517. Illustrated below are subsidiary and associate relationships. Enterprise N has these investments:

According to the definition of direct investment:

A is a subsidiary of N.

B is a subsidiary of A and therefore a subsidiary of N, even though only 33 percent of B is indirectly attributable to N.

C is an associate of B and therefore an associate of N through N’s subsidiary B, even though only 4 percent of C’s capital is indirectly attributable to N.

D is an associate of N.

E is a subsidiary of D and therefore an associate of N, even though only 6 percent of E is indirectly attributable to N.

F is an associate of N.

G is an associate of F but not of N as F is only an associate of N.

H is neither a subsidiary nor an associate of N.

J is a subsidiary of H but neither a subsidiary nor an associate of N.

K is a subsidiary of N.

L is a branch of K and thus a branch of N.

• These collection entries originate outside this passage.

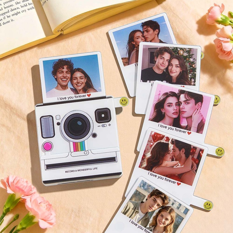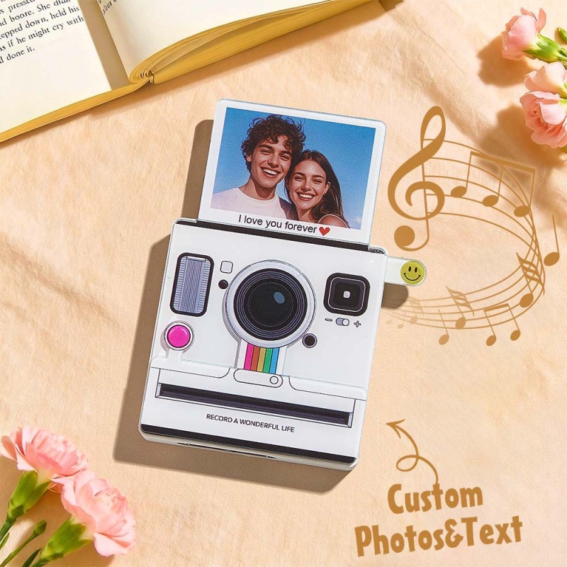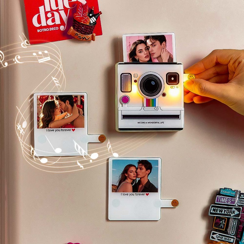 Dai vita ai tuoi ricordi! Questo magnete da frigorifero interattivo in stile Polaroid ti permette di caricare la tua foto preferita. Fai scorrere la piccola leva in basso a destra per rivelare la foto mentre riproduce automaticamente la musica che hai scelto. Il magnete si si illumina durante la riproduzione, creando un effetto magico. Scegli da 1 a 6 canzoni per personalizzare la tua esperienza: un regalo perfetto per compleanni, festività o qualsiasi occasione speciale!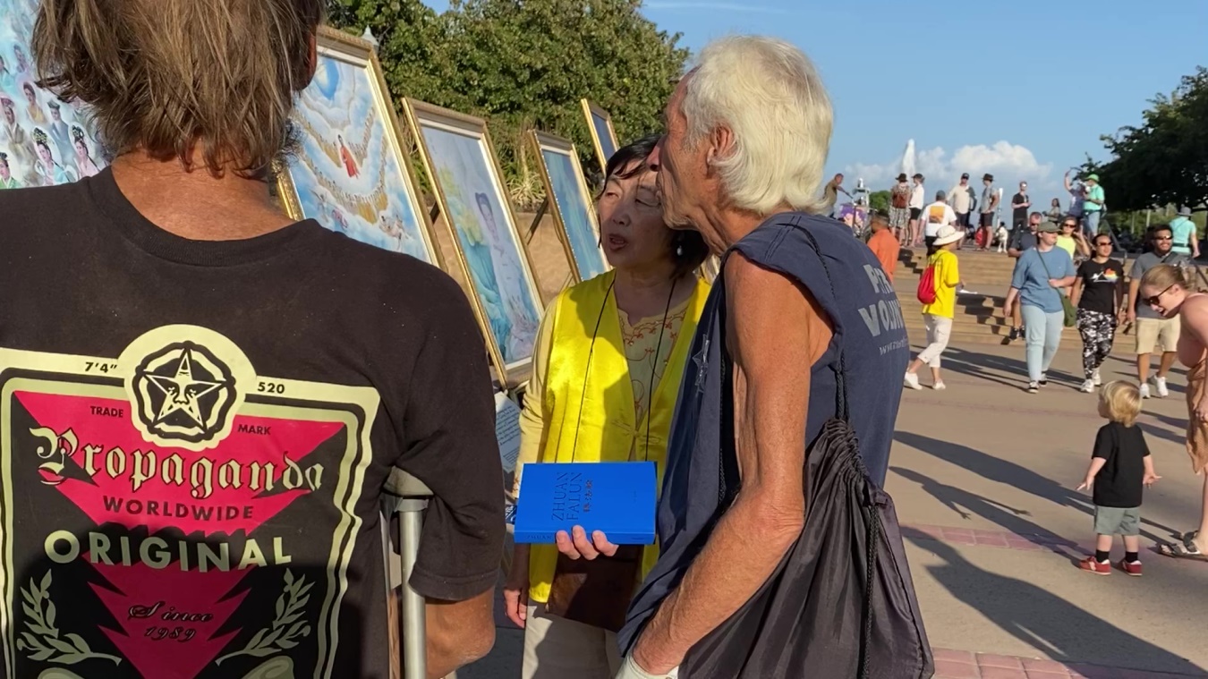 ![]() 图3:游客询问为什么中共要迫害法轮功。 |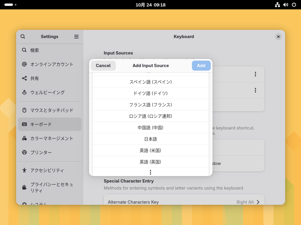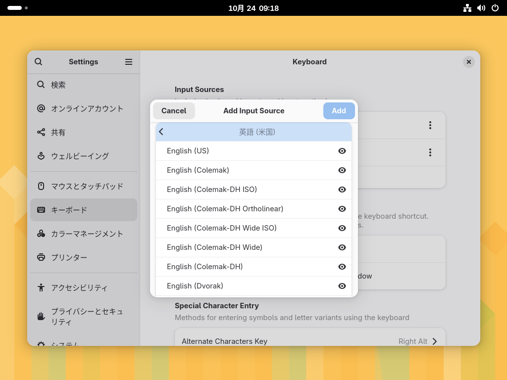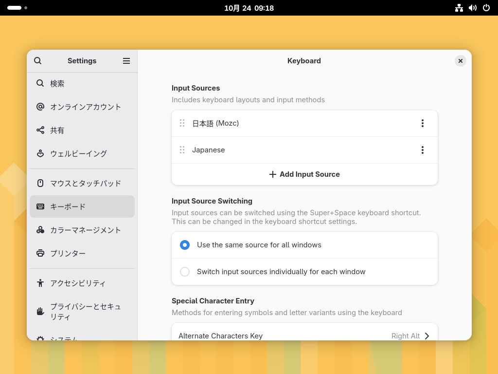 | [10] | [日本語 (Mozc)] を選択して [追加] ボタンをクリックします。 日本語がすでに追加されていた場合は、適当に英語を選択して追加します。 入力ソースの設定は以上です。設定画面の右上の [x] ボタンをクリックしてウインドウを閉じます。 |

Therefore, enterprises A, B, C, D, E, F, K, and L are involved in a direct investment relationship with N and in direct investment relationships with each other. Transactions between company E and company K, for example, represent direct investment transactions.

518. For purposes of the balance of payments and the national accounts, enterprises that have significant long-term (that is, more than one year) operations in more than one economy are divided into separate entities in each economy. These entities are always in a direct investment relationship; the head office constitutes the direct investor and the branches constitute the direct investment enterprises. Land and structures directly owned by nonresidents (other than foreign governments) are, in the balance of payments and the national accounts, considered to be owned by notional resident units that are in direct investment relationships with the legal owners of the land. Also considered to be owned by enterprises that are resident in the host country and in direct investment relationships with the actual operators of equipment (such as ships, aircraft, gas and oil drilling rigs) is mobile equipment that operates in an economy for at least one year, is accounted for separately by the operator, and is recognized by taxation and similar authorities of the host country as part of the country’s capital stock.

Direct Investment Capital

519. Direct investment capital is (1) capital provided by the direct investor—either directly or through other enterprises related to that investor—to the direct investment enterprise or (2) capital received by the direct investor from the direct investment enterprise. Direct investment capital includes equity capital, reinvested earnings, and other capital involved in various intercompany debt transactions. Direct investment capital includes only actual amounts provided; for example, funds for which the direct investor merely makes the arrangements or guarantees repayment are not considered direct investment capital.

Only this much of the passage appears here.